Kristian Ipsen (born October 20, 1992) is an American diver, who has been diving competitively since 1998. Diving alongside Troy Dumais, they took the silver medal in the synchronized 3 meter springboard at the 2009 World Aquatics Championships and the bronze medal at the 2012 Summer Olympics.

==Competitive diving career==

At the 2011 US National Championships in August, Ipsen captured the senior men 3-meter springboard championship and teamed with Troy Dumais to win the synchronized men 3-meter springboard at UCLA's Spieker Aquatics Center.

In June 2012 Ipsen and his 3m synchro partner Troy Dumais qualified at the U.S. Olympic Team Trials held in Federal Way, Washington to represent the United States at the 2012 Olympic Games in London which began the following month.

Ipsen and Dumais won the bronze in the synchronized 3m on August 1, 2012 with a score of 446.7. The duo's medal along with David Boudia's gold in the 10 metre platform and Boudia and his partner Nicholas McCrory's bronze in the synchronized 10m platform were the first Olympic medals of any kind for the United States since 2000 and the first for a U.S male diver since 1996 in Atlanta when Mark Lenzi won the bronze medal in the 3 meter springboard.

At the 2016 FINA World Championships in Rio de Janeiro, Brazil, Ipsen won a bronze medal in the 3m springboard.
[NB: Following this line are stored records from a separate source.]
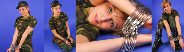 Lovely prisoner Marieke is in full chains: handcuffed tightly in front to her waist belt, connector chain down to her ankle cuffs, no room for movement at all. Still, Marieke is very curious about her restraints. She examines every detail, just to see if there is a hidden way out of this. She rattles and pulls, but it is hopeless. Marieke will have to go to sleep, chained up like this.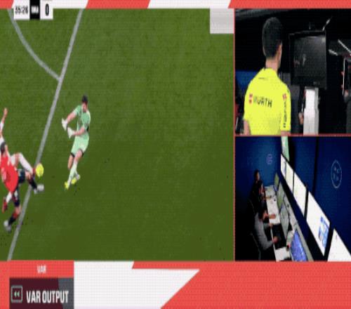 VAR立即介入,主隊球迷爆發(fā)了漫天的噓聲,裁判回看過后取消黃牌,認定庫爾圖瓦犯規(guī),給了奧薩蘇納點球。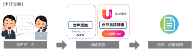 日本で多くのコンタクトセンターにシステムを導入しているNECは、顧客が抱えるこの問題を解決するために、世界 17 ヵ国 150 社以上のコンタクトセンターに通話分類・自動要約システムを導入するユニフォアのコア技術である U-Assist を活用したコンタクトセンター業務の自動化に関する実証実験を実施することとしました。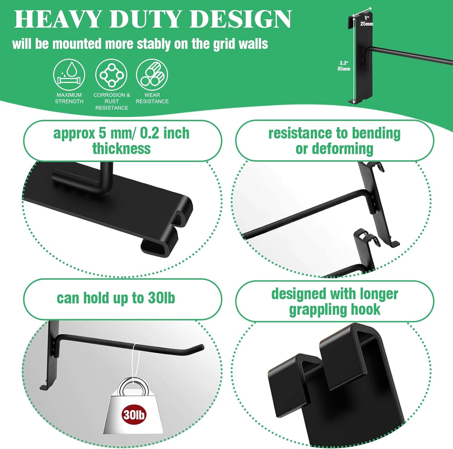 - [Strong Stability] Designed with longer grappling hook that will be mounted more stably on the grid walls. With a weight capacity of up to 20 pounds, they provide secure hanging for a variety of items with ease.

It is his first individual diving medal at the FINA Diving World Cup.

At the 2016 Olympics trials, the team of Ipsen and Dumais came in second in the 3m springboard synchronized event. As there was only one spot on the Olympic squad in the event they did not qualify. The duo was bested by the team of Michael Hixon and Sam Dorman who went on to win the silver medal at the 2016 Summer Olympics in the event.
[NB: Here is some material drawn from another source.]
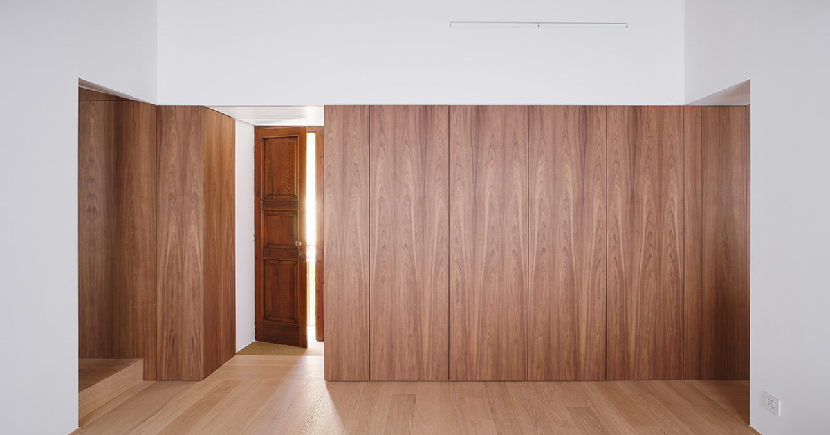 situacional Rejuvenecer Apartamento de finales del siglo XIX y principios del XX. patio El edificio está ubicado en el sitio de Porta San Biagio, una puerta histórica que una vez marcó la transición entre el núcleo urbano de Monza y Italia, y sus alrededores. El proyecto reinterpreta el papel histórico de la arquitectura como umbral, ahora mediando espacios internos y externos dentro de un contexto doméstico. Al centrarse en el concepto de umbral, el diseño cambia la dinámica del espacio. departamentoenfatizando la transición entre la esfera pública y la privada. La paleta de materiales utiliza tonos cálidos expuestos para complementar la organización espacial racional. de madera Las vigas, los armarios de nogal Canaletto y los suelos de roble crean un ambiente cohesivo. Las puertas corredizas corredizas en umbrales clave permiten transiciones flexibles entre espacios, mientras que el diseño general equilibra la relación entre lo antiguo y lo nuevo.

Ipsen represented the United States in the men's 3m springboard event at the 2016 Summer Olympics in Rio de Janeiro and finished fifth.
  Following the 3m springboard Olympic competition Ipsen related "I’m taking a significant break," ..."We’ll see if that Olympic spark comes back, but I’m definitely going to take a break after this".

==Personal life==
Ipsen is the son of Kent and Yvette Ipsen. He has a younger sister, Lauren. He is currently employed by Salesforce inc. in San Francisco. He attended De La Salle High School. He graduated from Stanford University in 2015. He was a member of the Stanford Cardinal diving team during his time there. He is also currently married to fellow Stanford Diving alumni, Lilly Hinrichs.